Interested students will also have hands-on experience in programming of basic quantum programs.

Timetable

The most recent timetable can be found at the Computer Science (MSc) student website.

In MyTimetable, you can find all course and programme schedules, allowing you to create your personal timetable. Activities for which you have enrolled via MyStudyMap will automatically appear in your timetable.

Additionally, you can easily link MyTimetable to a calendar app on your phone, and schedule changes will be automatically updated in your calendar. You can also choose to receive email notifications about schedule changes. You can enable notifications in Settings after logging in.

Questions? Watch the video, read the instructions, or contact the ISSC helpdesk.

Note: Joint Degree students from Leiden/Delft need to combine information from both the Leiden and Delft MyTimetables to see a complete schedule. This video explains how to do it.

Mode of instruction

  • Lectures

  • Tutorials

Course load
Total hours of study: 168 hrs. (= 6 EC)
Lectures: 26:00 hrs.
Tutorials: 26:00 hrs.
Projects and assignments: 116:00 hrs.

Assessment method

Students will be evaluated by means of two take-home assignments and a final mini-project, and there will be options for individual and group projects. The average score of the two-take home assignments carry 50% of the final grade, and a final mini-project (carries 50% of the final grade). 50% is the smallest passing grade.
In formulas: THA1, THA2 and MP denote the score for the first, second take home assignment and for the miniproject, respectively. Each score is between 0 and 100.
The final score is FIN = (THA1+THA2)/4 + MP/2, and 50 is passing. Only the total score must be passing. The overall course will have an oral resit for the take-home assignments with a new miniproject if needed.

The teacher will inform the students how the inspection of and follow-up discussion of the exams will take place.

Reading list

  • Nielsen and Chuang, Quantum computation and quantum information.

  • Links to extensive on-line literature to be provided during lectures.

Registration

As a student, you are responsible for enrolling on time through MyStudyMap.

In this short video, you can see step-by-step how to enrol for courses in MyStudyMap.
Extensive information about the operation of MyStudyMap can be found here.

There are two enrolment periods per year:

  • Enrolment for the fall opens in July

  • Enrolment for the spring opens in December

See this page for more information about deadlines and enrolling for courses and exams.

Note:

  • It is mandatory to enrol for all activities of a course that you are going to follow.

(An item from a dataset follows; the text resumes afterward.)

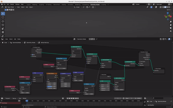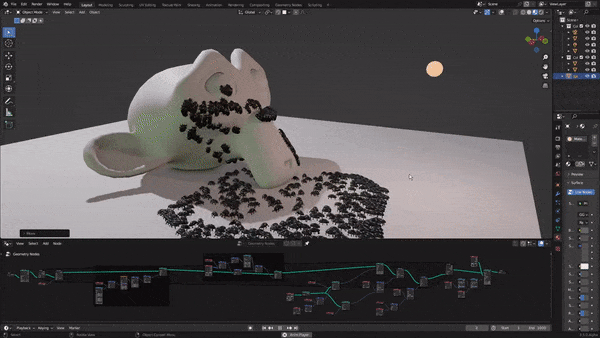 Фреймворк расширяет существующую систему Geometry Nodes для поддержки моделирования на основе частицу. Потыкать можно в экспериментальной сборке.

  • Your enrolment is only complete when you submit your course planning in the ‘Ready for enrolment’ tab by clicking ‘Send’.

  • Not being enrolled for an exam/resit means that you are not allowed to participate in the exam/resit.

Contact

Lecturer: dr. V. Dunjko
Course announcements and additional materials will be provided on Brightspace.

Remarks

Software
Starting from the 2024/2025 academic year, the Faculty of Science will use the software distribution platform Academic Software. Through this platform, you can access the software needed for specific courses in your studies. For some software, your laptop must meet certain system requirements, which will be specified with the software. It is important to install the software before the start of the course. More information about the laptop requirements can be found on the student website.